MASSLAB transforms Bragança water treatment plant into dynamic public space in Portugal

Lisbon: MASSLAB has just won the competition for the new roof of Bragança’s Water Treatment Plant in Portugal. Integrating public use of this infrastructure, which until now only serves a functional purpose, the project showcases adding value to existing infrastructure by rethinking them.

Blending architecture, landscaping, and urban design to transform this structure into a vibrant public space, MASSLAB seeks to change the perception of water treatment facilities in urban settings. By reimagining the roof as a livable infrastructure, the project transforms the purely functional roof into an engaging and integral part of the urban fabric.

The competition-winning proposal introduces recreational, educational, and cultural elements and focuses on the comprehensive urban rehabilitation of the landscape. The initiative aims to combat the negative perception commonly associated with Water Treatment facilities by addressing basic disinfection and deodorization needs while transforming the structure into an engaging activation in the city fabric. Additionally, the scheme promotes new leisure and educational areas with the goal of fostering interest in water preservation and treatment.

Due to its diverse program, the project features multiple access points. The flexibility of the spaces allows for school visits or events, offering different possibilities of use and transforming simple paths into places of encounter and social interaction. The educational objective is achieved by creating a dynamic between the public and private spaces of the infrastructure, creating visual contact between the livable planted roof and the inside workings of the water treatment system. To enhance the urban integration with the site, existing accesses were maintained and enriched with viewpoints and pedestrian paths.

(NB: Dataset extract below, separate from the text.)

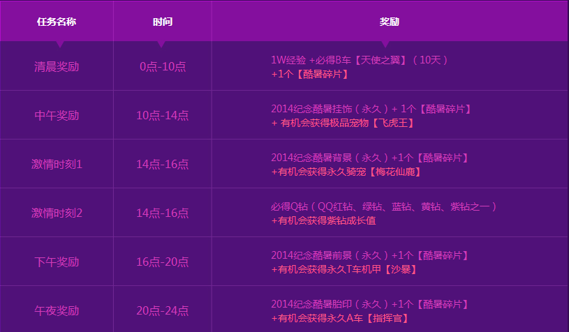 7.19、7.20、7.26、7.27、8.03、8.09、8.10,这7天每天完成15点、16点整点在线任务可分别获得1个【酷暑碎片】;8月02日在任务面板最多可领取5个【酷暑碎片】;全部最多共可获得19个【酷暑碎片】。8月12日-8月20日可以参与兑换任务【周末兑换抢永久A】。

The design also includes a walkway along the Fevença River, directly connecting the building to the watercourse, promoting an ongoing interaction between the natural and built worlds. Additionally, the updated roofing design enhances the structure of the existing plant by incorporating square geometric shapes integrated within the new greenery, providing both aesthetic and practical functionality. These squares offer versatility for how the space can be utilized, adaptable to permanent fixtures or temporary setups. The concrete structure, with its foundations elevated on pillars, is carefully planned to minimize disruption to the current construction and surrounding landscape, emphasizing a cost-effective approach that preserves the natural environment.

Urban revitalization requires architects and designers to reimagine current spacing, integrating multifunctional elements that transform neglected areas into communal and cultural hubs. In other similar news, WXCA Architects has just unveiled the design for a new “green district of the future,” situation on a former FSO car factor site in Warsaw. Similarly, SO-IL has recently revealed the design for a new arts campus in the Stanton Yards marina on the Detroit River, revitalizing a 110-year-old church, bakery, and former industrial site.